Но эти слова продолжали храниться в моей памяти, и я на самом деле почти никому не навредил. И вся моя практика зиждилась на одном краеугольном камне – это была одна книга, которую я каждый вечер прятал в сейф, – переплетенная рукопись того самого руководства по воспитанию детей, которое мы с Элизой сочинили во время нашей оргии на Бикон-Хилл.
Мы как-то умудрились вложить в нее абсолютно все.
А годы летели, летели.
Где-то в этом промежутке времени я женился на женщине, такой же богатой, как я сам, – собственно говоря, она приходилась мне троюродной сестрой, в девичестве ее звали Роза Элдрич Форд. Она была очень несчастна – во-первых, я ее не любил, а во-вторых, никуда с собой не брал. Я вообще мало кого любил. У нас был ребенок, Картер Пэйли Свейн, и его я тоже не смог полюбить. Картер был нормальный мальчик, и меня он совершенно не интересовал. Он мне чем-то напоминал перезрелую тыкву на лозе – расплывшуюся, водянистую; она становилась все больше, и только.
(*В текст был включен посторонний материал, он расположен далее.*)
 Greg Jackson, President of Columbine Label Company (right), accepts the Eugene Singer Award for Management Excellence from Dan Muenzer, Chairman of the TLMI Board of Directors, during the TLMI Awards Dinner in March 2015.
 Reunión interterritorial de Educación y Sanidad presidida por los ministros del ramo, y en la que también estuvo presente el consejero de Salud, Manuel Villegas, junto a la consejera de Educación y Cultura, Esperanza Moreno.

После нашего развода они с матерью купили себе квартиру в одном доме с Элизой, в Мачу-Пикчу, в Перу. Я о них больше ни разу не слышал – даже после того, как стал Президентом Соединенных Штатов.
А время летело.
Как-то утром я проснулся в панике – да мне вот-вот стукнет пятьдесят! Мать переехала ко мне в Вермонт. Она продала свой дом на Черепашьем Заливе. Она очень сдала и все время чего-то боялась.
Она много говорила со мной о Царствии Небесном.
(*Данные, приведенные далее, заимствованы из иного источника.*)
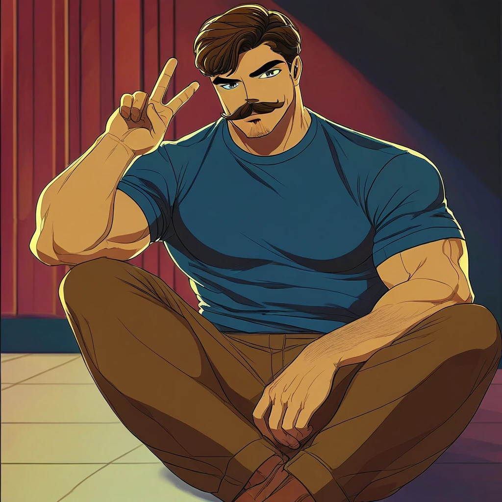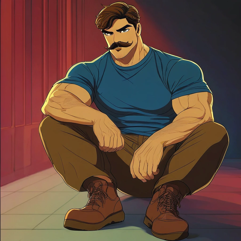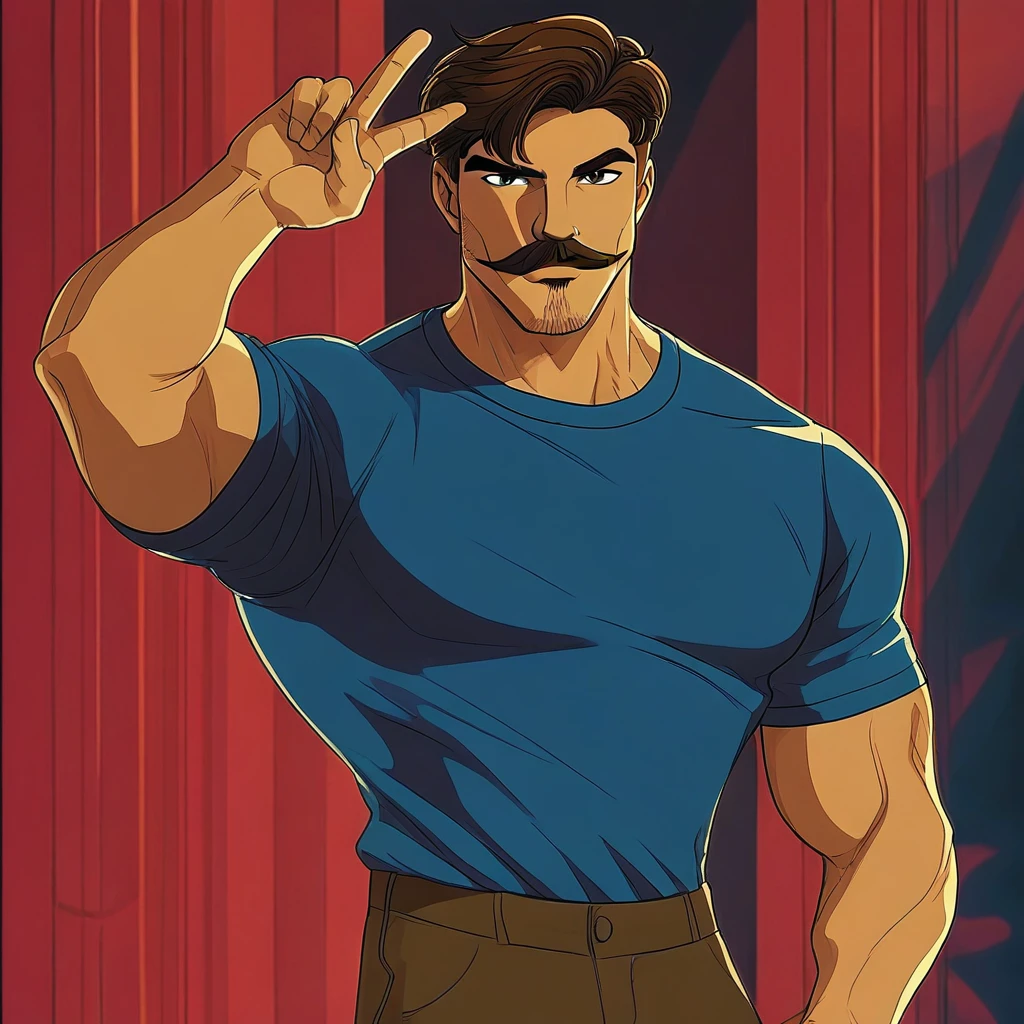 Trigger words (recommended): brown hair, short hair, brown hair, facial hair, mustache, red shirt

Я тогда с этим вопросом был совсем не знаком. Считал, что, когда человек умирает, он мертв, и все тут.
– Я знаю, что твой отец ждет меня с распростертыми объятиями, – говорила она. – И мамочка с папочкой тоже.
И ведь она оказалась права. Поджидать вновь прибывших – это единственное, чем люди могут заняться в Царствии Небесном.
Если послушать, как мама представляла себе Небеса, то они смахивали на поле для гольфа на Гавайях, с идеально выстриженными тропками и выхоленным газоном, спускающимся к океану, теплому как парное молоко.
Я слегка подтрунивал над ней – за то, что она мечтает о таком Рае.
– Похоже, там людям придется пить лимонад баллонами, – сказал я.
– Обожаю лимонад, – отозвалась она.
Глава 29
Под конец мама часто говорила и о том, как она ненавидит искусственные вещи – синтетические ароматы и волокна, и пластмассы и все такое. Она уверяла, что любит шелк, ситец, и льняное полотно, и шерсть, и кожу, и глину, и стекло, и камень. Она говорила, что очень любит лошадей и парусные лодки.
– Все это к нам возвращается, мама, – сказал я ей. Так оно и было.
К тому времени в моей собственной больнице было два десятка лошадей – и фургоны, и телеги, и коляски, и санки. У меня была собственная лошадь, рослая – тяжеловоз клайдесдальской породы. Копыта у нее совсем скрывались под золотистыми пушистыми щетками. Я звал ее Будвейзер4.